It works but the differences I m seeing are so tiny that they disappear into reasonable test error. Just as you suggested from the start, I will concentrate on memory for now.


----------



## Space Lynx (Jan 11, 2021)

mervincm said:


> It works but the differences I m seeing are so tiny that they disappear into reasonable test error. Just as you suggested from the start, I will concentrate on memory for now.

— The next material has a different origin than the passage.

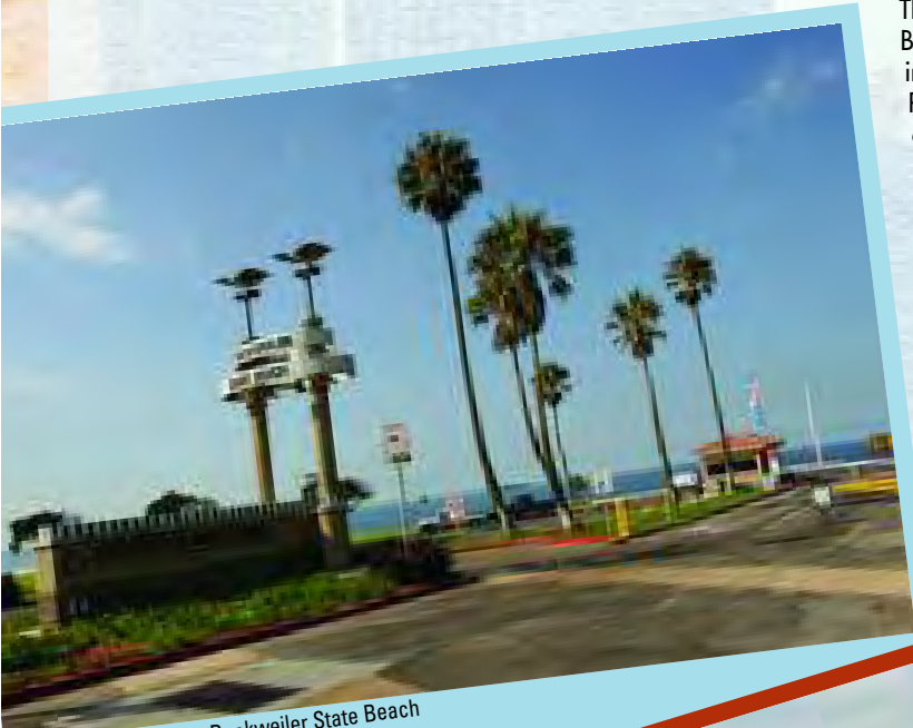
The entrance to Dockweiler State Beach

Be aware that the bike path can be a very busy place, especially on weekends. In some stretches, you might be asked to walk your bike. Even though by law the path is

I'm really happy with this mobo personally. for only $220 and I have insane vrm cold temps... i dont think i have seen them break 40 celsius even during stress... lol  really great stuff considering the price paid. also really like the io shield being built into the mobo, and just overall thickness of the board speaks quality.  i like it anyway, best mobo i ever had. worth it to spend $70 more on this over a $150 mobo, considering the jump in quality.


----------



## NastyStyle (Feb 18, 2021)

Hello all,

So I built my first PC about two months ago and I'm having issues getting the RAM to run at the labeled speed of 4000mhz.
Specs=
CPU: Ryzen 9 5900x
Mobo: MSI mag x570 Tomahawk Wifi
GPU: MSI trio 3080
Ram: Teamgroup xtreem argb 4x8gb 4000 mhz

Attached are memory and SPD snips from CPU-Z

Currently using axmp profile 1 in BIOS and clearly not getting the full speed. In Bios it even shows dram speed is only 2400. Any suggestions???

Edit: Bios is up to date, updated today to latest.

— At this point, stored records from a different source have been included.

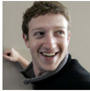
Facebook founder Mark Zuckerberg.

Mark Zuckerberg, 23, founded Facebook while studying psychology at Harvard University. A keen computer programmer, Mr Zuckerberg had already developed a number of social-networking websites for fellow students, including Coursematch, which allowed users to view people taking their degree, and Facemash, where you could rate people's attractiveness.
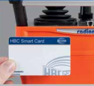
Manage access rights and gather operational information by data logger and user identification!
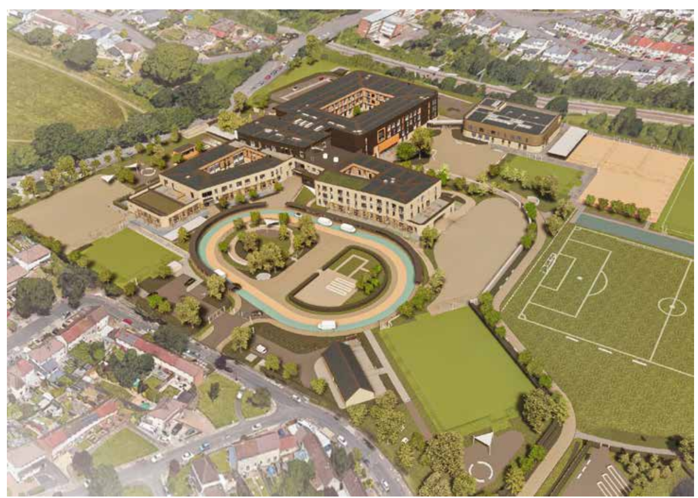
Cantonian Educational Campus HLM Architects

Cantonian Educational Campus (23/01501/FUL) Members of the Placemaking team advised the council's procurement team and process for the design work leading to this planning application. As a result, all of the major placemaking issues had been thoroughly resolved by the time the application was submitted for planning permission. The configuration and design of three schools on one campus was welcomed. The meeting discussed access and drop off, the design of the entrance plaza, scale and mass, neighbour impacts, the elevational treatments, the use of solar panels, arrangements for out of hours access, landscape design and the drainage.

Also guess I should mention I'm a noob when it comes to bios configuration (advanced ram settings and stuff)


----------



## mervincm (Feb 18, 2021)

4000 is not trivial, and not always even possible. 2400 is likely the other extreme, obviously not where you want to be. 
I have 4x8 samsung bdie-4133kit, and so far I have found 3733-16-15-15-15 ut w GDM enabled to be a solid daily driver config and it might be a good starting point for you as well. 

To get something to start with, use the ryzen calculator, put in something between 3600 or 3733 and fill in your details and try the safe values.
It is apparently not ideal for these CPUs but I used it to find something better than the 2133 my ram defaults to.


----------